Step 4: Analyze a Terraform plan diff

Before applying any Terraform change in a production environment, run the plan through dojops analyze diff. This is the part that matters most — catching security regressions and destructive changes before they become incidents.

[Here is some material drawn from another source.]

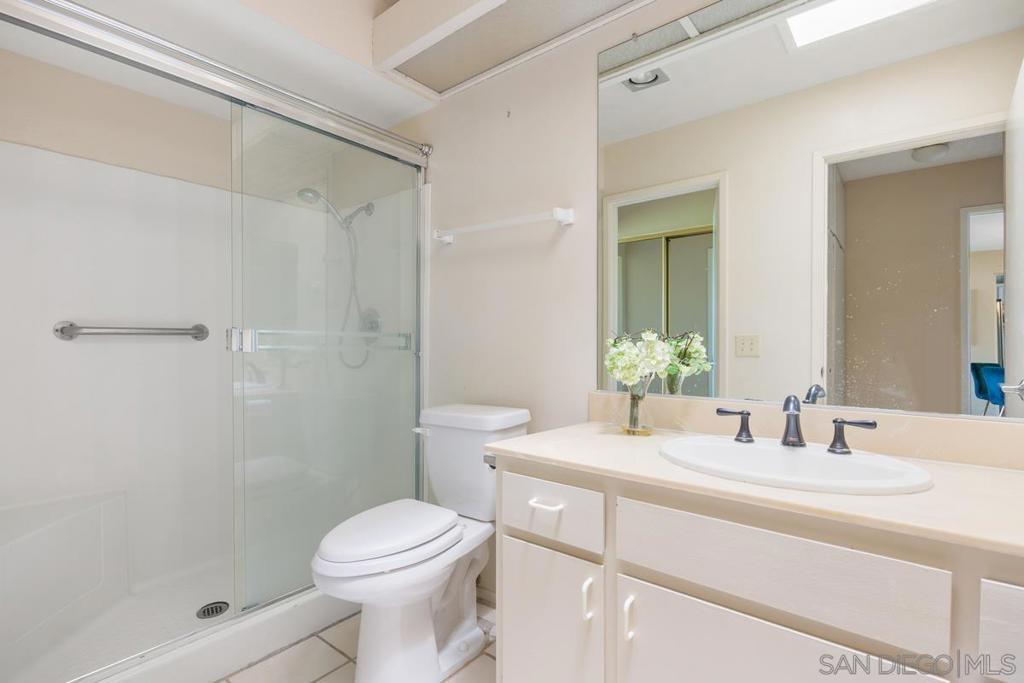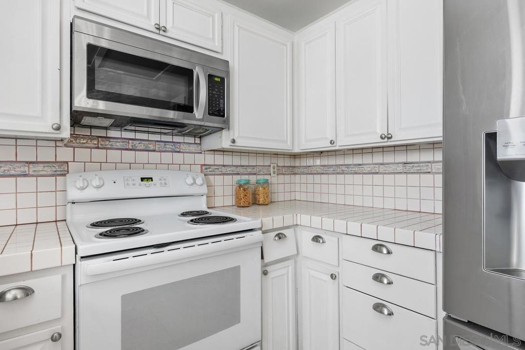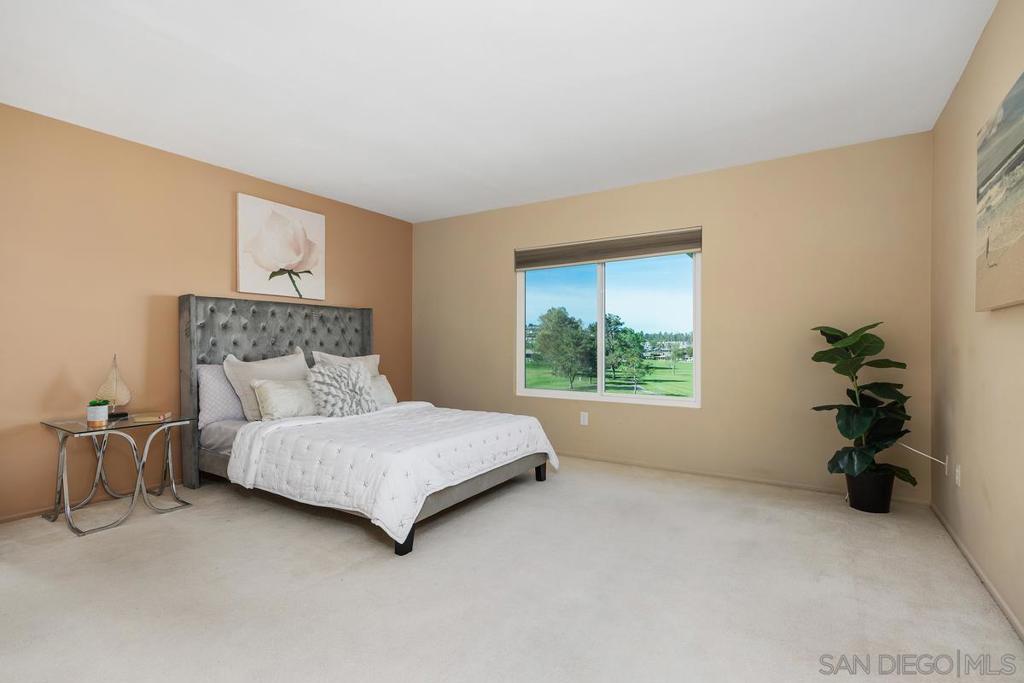 Enjoy stunning views of the San Marcos mountain peaks and golf course from this desirable unit in Fairway Knolls. This 3 bedroom, 2 bath second-floor home features vaulted ceilings, newer windows and sliding doors, newer AC, and newer stainless steel fridge and microwave. The spacious living room is centered around a charming fireplace with a wooden mantel, creating a warm and inviting living space. The oversized covered patio with vaulted ceiling provides the perfect setting for relaxing or entertaining year-round. Convenient in-unit laundry is located on the back patio. HOA special assessment has been fully paid. HOA fees include water, trash, cable TV, high-speed internet, roof maintenance, and exterior building maintenance. Community amenities include pool, tennis courts, and clubhouse. Assigned covered parking with storage is located directly across from the unit entry. Ideally located near all that Lake San Marcos has to offer, including golf courses, restaurants, fishing, water activities, shopping, schools, and easy freeway access.

Save a Terraform plan to a file:


terraform plan -no-color > plan.txt

Or pipe directly:


terraform plan -no-color | dojops analyze diff

For this workshop, create a sample diff to analyze:


cat > plan.txt << 'EOF'
Terraform will perform the following actions:
 
  # aws_security_group.app will be updated in-place
  ~ resource "aws_security_group" "app" {
        id     = "sg-0abc123def456"
        name   = "app-security-group"
 
      ~ ingress {
          ~ cidr_blocks = [
              - "10.0.0.0/8",
              + "0.0.0.0/0",
            ]
            from_port   = 443
            protocol    = "tcp"
            to_port     = 443
        }
    }
 
  # aws_instance.legacy_app will be destroyed
  - resource "aws_instance" "legacy_app" {
      - ami           = "ami-0abcdef1234567890"
      - instance_type = "t3.medium"
      - tags          = { "Name" = "legacy-app" }
    }
 
  # aws_db_instance.main will be updated in-place
  ~ resource "aws_db_instance" "main" {
      ~ backup_retention_period = 0 -> 7
    }
 
Plan: 0 to add, 2 to change, 1 to destroy.
EOF
 
dojops analyze diff --diff-file plan.txt

Both --diff-file and --file work. Use --diff-file to avoid ambiguity with the global --file flag that reads a prompt from a file.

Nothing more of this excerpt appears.